Welcome to the 2017 edition of my NCAA tournament guide. Every year Kaggle hosts a data science competition to see who can build the best model for predicting the tournament. The goal of this competition is to produce a win probability for every team in the tournament against every other team. For the matchups that occur, each submission is scored based on how close the probability was to the actual outcome. For example, if I say that Northwestern has a 90% chance of beating Kentucky and they win I only suffer a penalty related to the 10% difference between 100% and 90%. However, in the highly unlikely scenario that Northwestern loses this game I would suffer a much greater penalty related to the 90% difference 90% and 0%.
The analysis I have done is intended to be used for that competition. However, this website is intended to be used to fill out a bracket. Win probabilities cannot fill out a bracket on their own, so I have created tools that will assist you in applying my research to that task. I have added a few features this year, most notably the bracket. This now allows you to view the whole bracket and see all the win probabilities as different teams advance.

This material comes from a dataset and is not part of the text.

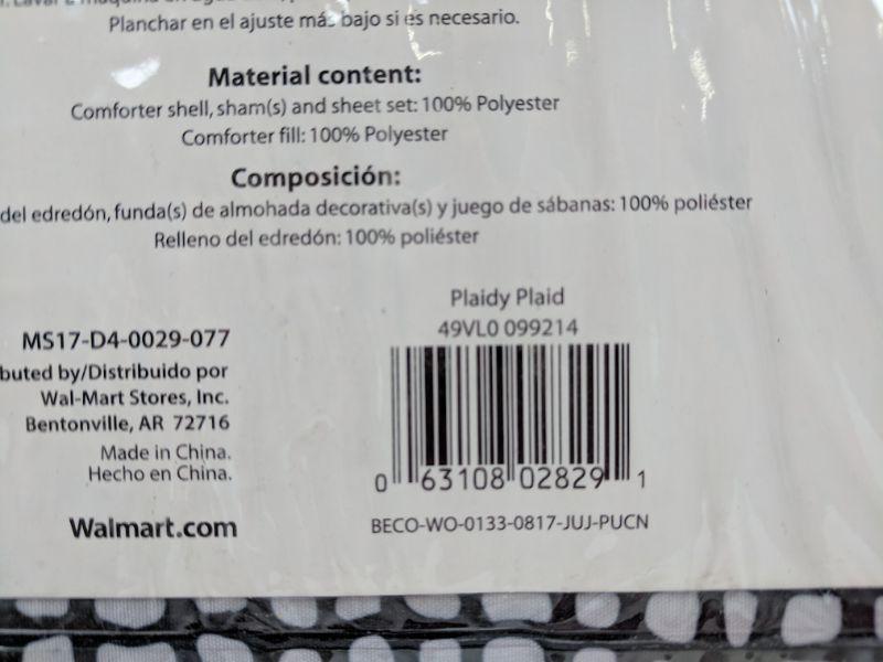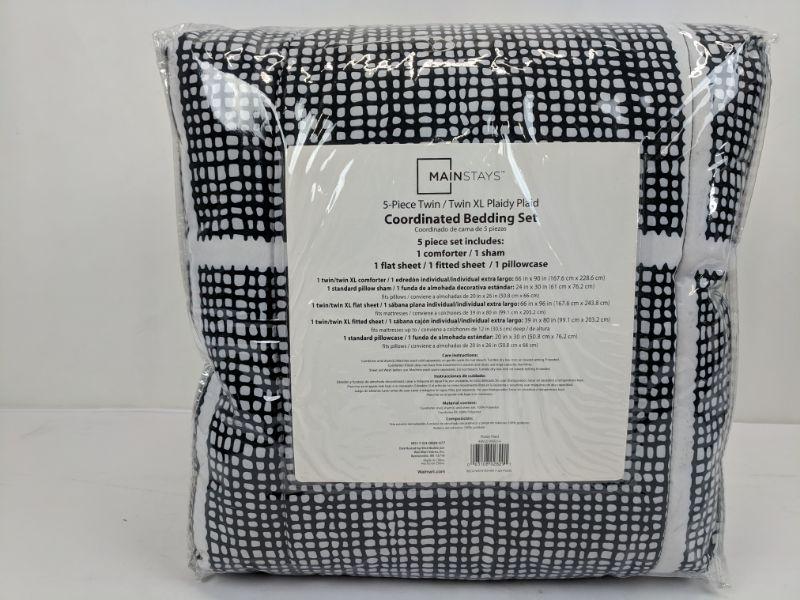 5 PC Twin/Twin XL Plaidy Plaid Coordinating Bedding Set, Black & White - New

The power rankings are simply my ranking of every team in college basketball as measured by their opponent adjusted point differential. Only the top 25 are shown by default but the rest can be toggled by clicking to show more/less. Additionally, each of the tournament teams contain a link to that team's stats page.
The stats page highlights a selection of the opponent adjusted stats that I generated for this analysis. All of the columns are sortable. Only the tournament teams are given in this section and all of their team names link to that team's stats page.

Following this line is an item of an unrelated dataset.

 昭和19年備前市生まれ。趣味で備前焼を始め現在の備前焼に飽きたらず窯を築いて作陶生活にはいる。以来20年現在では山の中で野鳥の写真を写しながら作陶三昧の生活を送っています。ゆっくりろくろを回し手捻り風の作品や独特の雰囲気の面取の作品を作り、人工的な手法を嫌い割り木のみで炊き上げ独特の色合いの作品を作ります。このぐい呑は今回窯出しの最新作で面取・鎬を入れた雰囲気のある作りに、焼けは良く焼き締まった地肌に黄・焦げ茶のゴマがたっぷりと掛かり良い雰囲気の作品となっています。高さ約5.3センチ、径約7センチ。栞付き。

The projections page allows the user to select any two teams in the tournament via drop down menus and compare them side by side. The probability that the first selected team beats the second is given as well as a statistical comparison of the two teams.
The bracket tool gives the entire bracket (be sure to scroll or swipe around as it is very large). Each node in the graph, represented by a team name with seed as well as a team icon is clickable. Clicking the team will imply a win in that round and advance the team to the next round. When there is a valid matchup present the win probability for each team is presented next to the team name. There is a toggle in the upper left corner that allows the user to switch from win probabilities to point spreads.
When a team is clicked that invalidates downstream matchups, that whole stream is cleared from the bracket. Refreshing the page will always reset the bracket to its original state. As the tournament progresses I will update the bracket to reflect the actual results, and this will become the default state. However, you will still be able to manipulate the entire bracket.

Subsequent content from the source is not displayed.